Stored data:
*-*-*

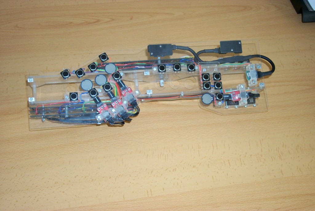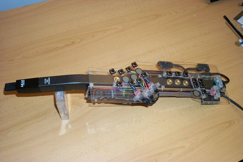 The META-EWI is a modified EWI (Akai’s Electric Wind Instrument) to which was added a whole new set of controllers based on sensor technologies, specifically eight continuous controllers and 16 digital switches. These clearly succeed at stretching the expressiveness and the range of musical gestures found on the original instrument allowing the musician to have a more complete and far reaching control of a great variety of meaningful musical parameters.
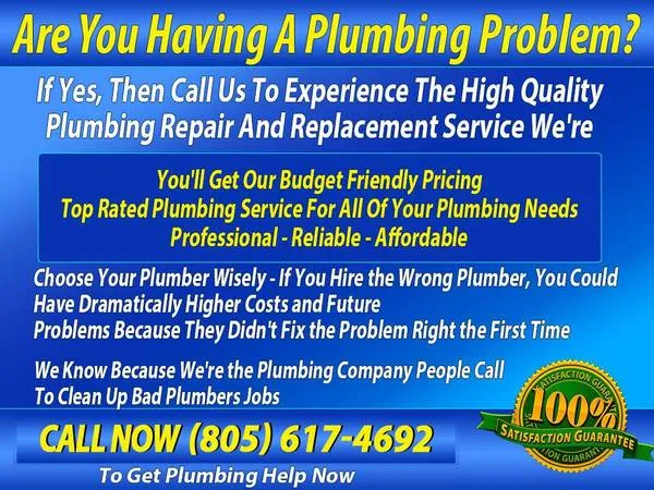 Call 805-617-4692 Serving Ventura and the surrounding area You Can Sleep Well At NightKnowing Well Get It D 1 Right You will get our package of plumbing installs and repairs at our competitive pricing We fix the job right the first time In factwe have cleaned up plenty of messes created by so called plumbers so be careful in choosing the right plumber Protect yourself and your homeHire A Professionialexperiencedtop ranked with a proven track record plumbing business Call us 805-617-4692 Some of our services: Toilet Replace and Repair Water Heater installation & Repair Toilet RepairInstall Regulator Garbage Disposal Installation Tankless Water Heater System Water Heater Installation Installation of gas shut Gas Leak Detecting and Repaired Toilet & urinal repair or replacement Copper Repipe and Repair Sewage system Bathroom Sink Rooting Rooter Drain cleaning Hot Water Recirculation System Water heater repair or replacement Garbage disposal repair or replacement Leaky Faucet Water Heater installation & Repair Hot Water Recirculation System Full Service Plumbing and Drain RepairsCommercial Faucet Installation Kitchen faucet repair or replacement Rooter services Appliance installations Bathtub Rooting Master plumber at affordable price water pipes Low flow toilets Drain Clogs Hydro Jetting Service Sewer Lines Installed and Repaired Water filtration systems Water Line Service Backflow anti Backflow prevention 91301913209136091361913629137793001930039300493010930139301593021930239303093033930359303693041930609306393066930949310193111931179313093301 Camarillo Fillmore Moorpark Newbury Park Oak Park Oak View Ojai Oxnard Piru Port Hueneme Santa Paula Simi Valley Somis Thousand Oaks Ventura Westlake Village
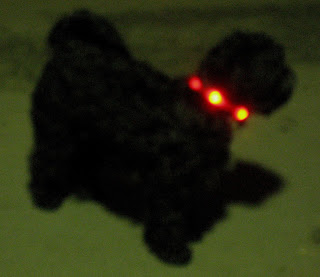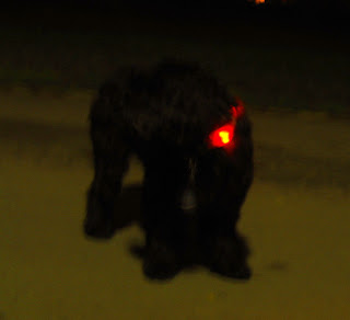 Oft ist es derzeit beim Spaziergehen schon dunkel, und „Hundebeleuchtung“ ist ein ergiebiges Thema. Billige Leuchthalsbänder fallen beim Spielen ab, bei anderen Modellen halten die Batterien nicht lange, die Bänder gehen kaputt, verloren, sind nicht wasserfest, oder stören den Hund. Eine Freundin hat ein kleines Fahrradlicht am Halsband befestigt, das scheint ganz gut zu funktionieren. Wir haben jetzt ein Leuchthalsband gefunden, an dem – bis jetzt – nichts auszusetzen ist: Das Leuchtie. Sowas kommt natürlich aus Amerika. Es hat keinen Verschluss, so dass es nicht aufgehen kann, sondern wird einfach über den Kopf gezogen.
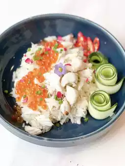 #Spicy rice salad with crab and herbs and salmon roe. If you like salmon roe, you must order this dish because it is full of fish roe. I personally think that children will like it.
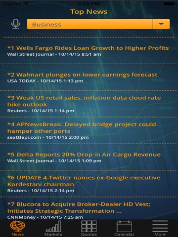 * News: Top market news summaries (which you can customize) as well as breaking headlines
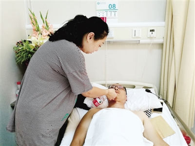 妻子在照顧受傷交警馬衛東
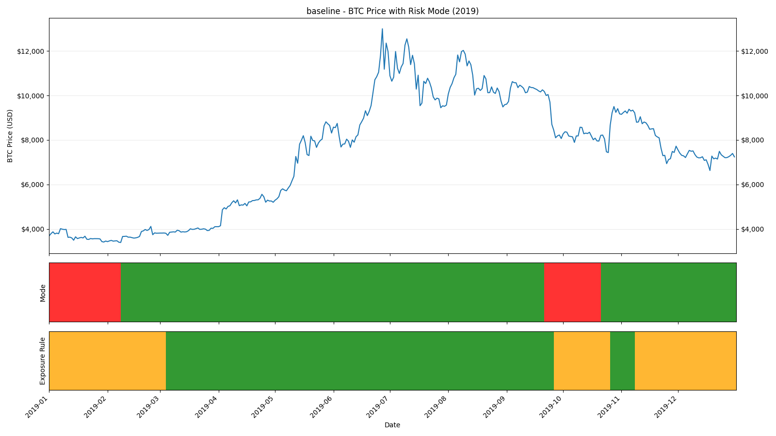 As momentum deteriorated later in the year, RORO flipped back to Risk-Off at $10.2K and ER flipped to 🟡 at $8.4K, reducing exposure while price was still elevated. BTC ultimately bottomed at $6.4K.
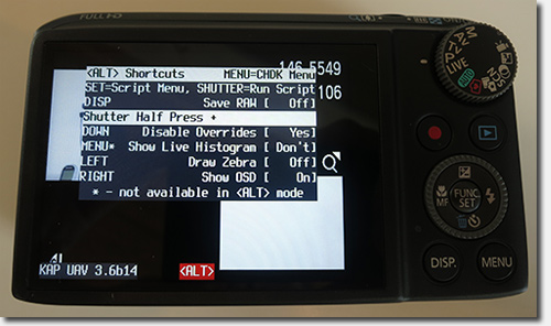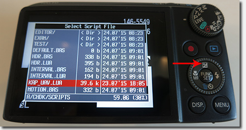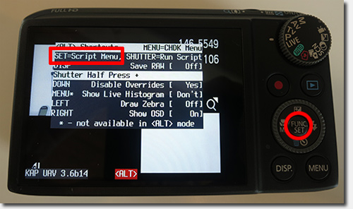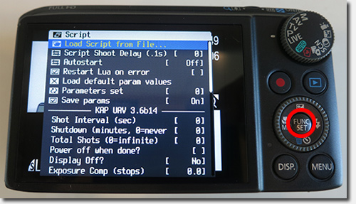 Copy kap_uav.lua into your (SD Card:)\CHDK\SCRIPTS.
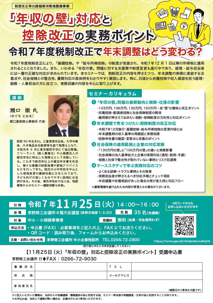 2025年11月25日に茅野商工会議所(JR中央本線 茅野駅)にてセミナーを行います。
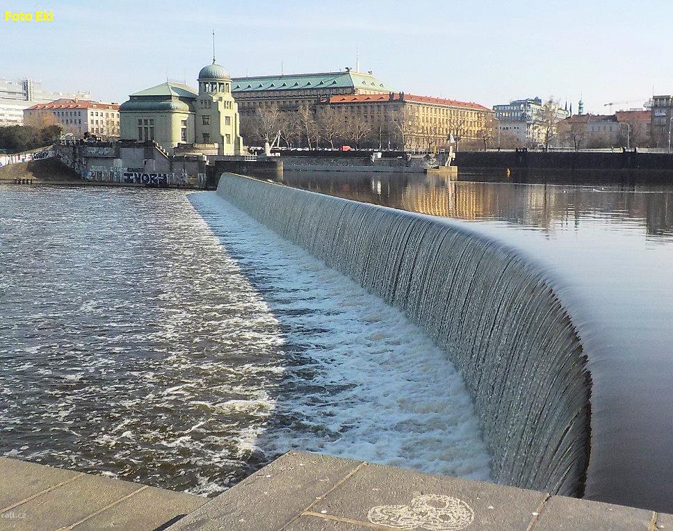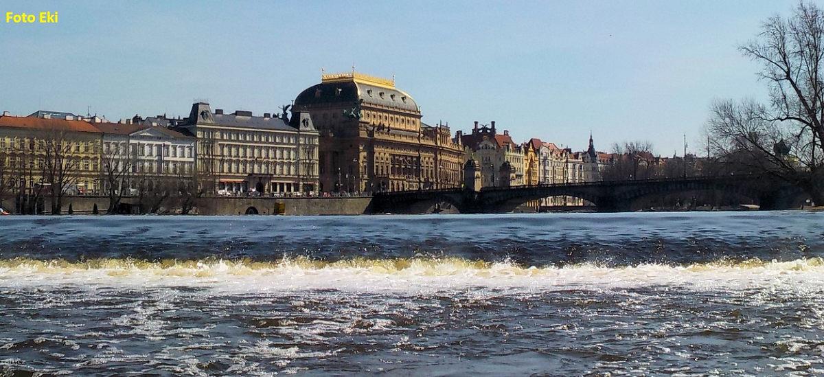 r.km 53,1 Staroměstský jez v pozadí s budovou Národního divadla
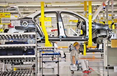 | 一汽フォルクスワーゲン成都工場(chǎng)の生産ラインで作業(yè)中の工員。 |
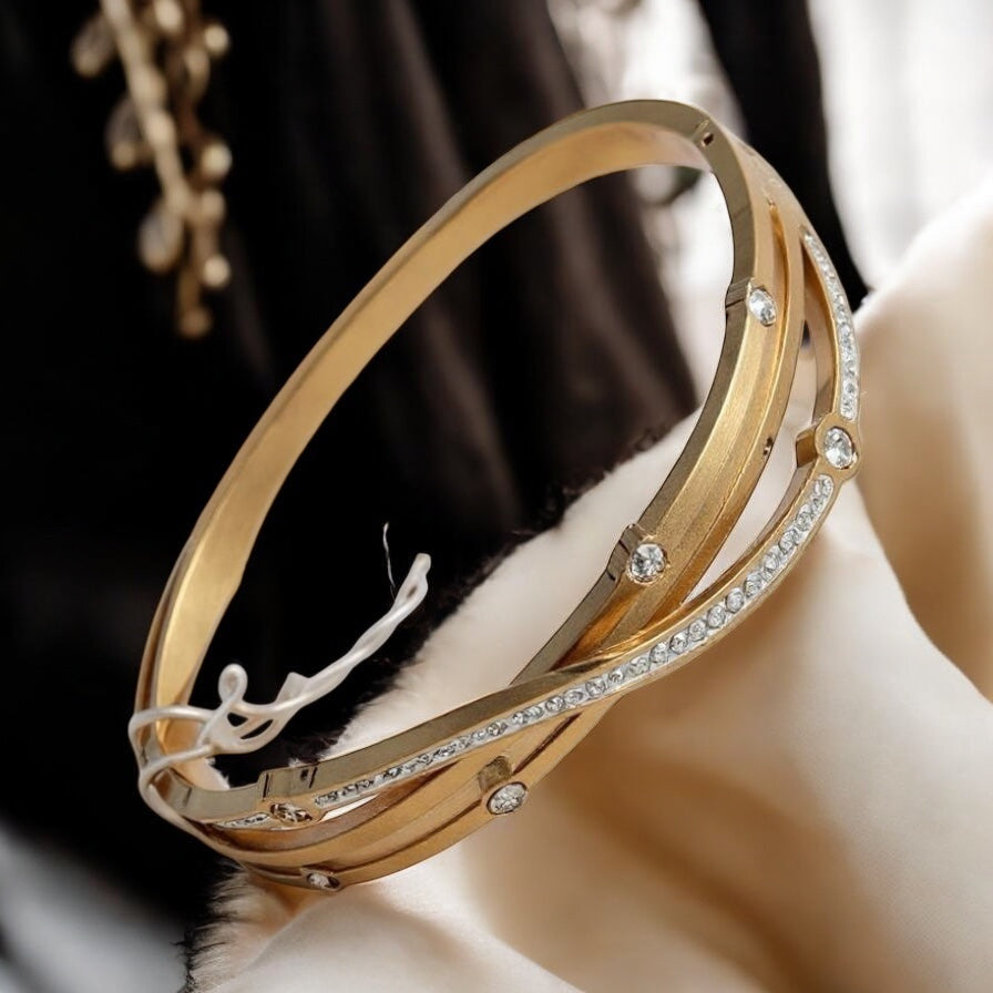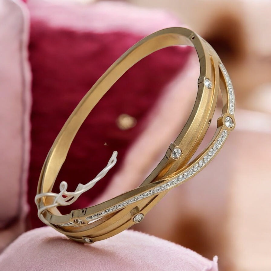 Stainless Steel Gold Color Plated Bracelet – Elegant & Durable Stone Studded Bangle

*-*-*

• [YOUR GOAL]: Give again, unchanged, only the lines from the line containing "妻子在照顧受傷交警馬衛東" to the last line of the records above. Pictures do not belong in the copy.

• [EXPECTED OUTPUT]:
 妻子在照顧受傷交警馬衛東
 As momentum deteriorated later in the year, RORO flipped back to Risk-Off at $10.2K and ER flipped to 🟡 at $8.4K, reducing exposure while price was still elevated. BTC ultimately bottomed at $6.4K.
 Copy kap_uav.lua into your (SD Card:)\CHDK\SCRIPTS.
 2025年11月25日に茅野商工会議所(JR中央本線 茅野駅)にてセミナーを行います。
 r.km 53,1 Staroměstský jez v pozadí s budovou Národního divadla
 | 一汽フォルクスワーゲン成都工場(chǎng)の生産ラインで作業(yè)中の工員。 |
 Stainless Steel Gold Color Plated Bracelet – Elegant & Durable Stone Studded Bangle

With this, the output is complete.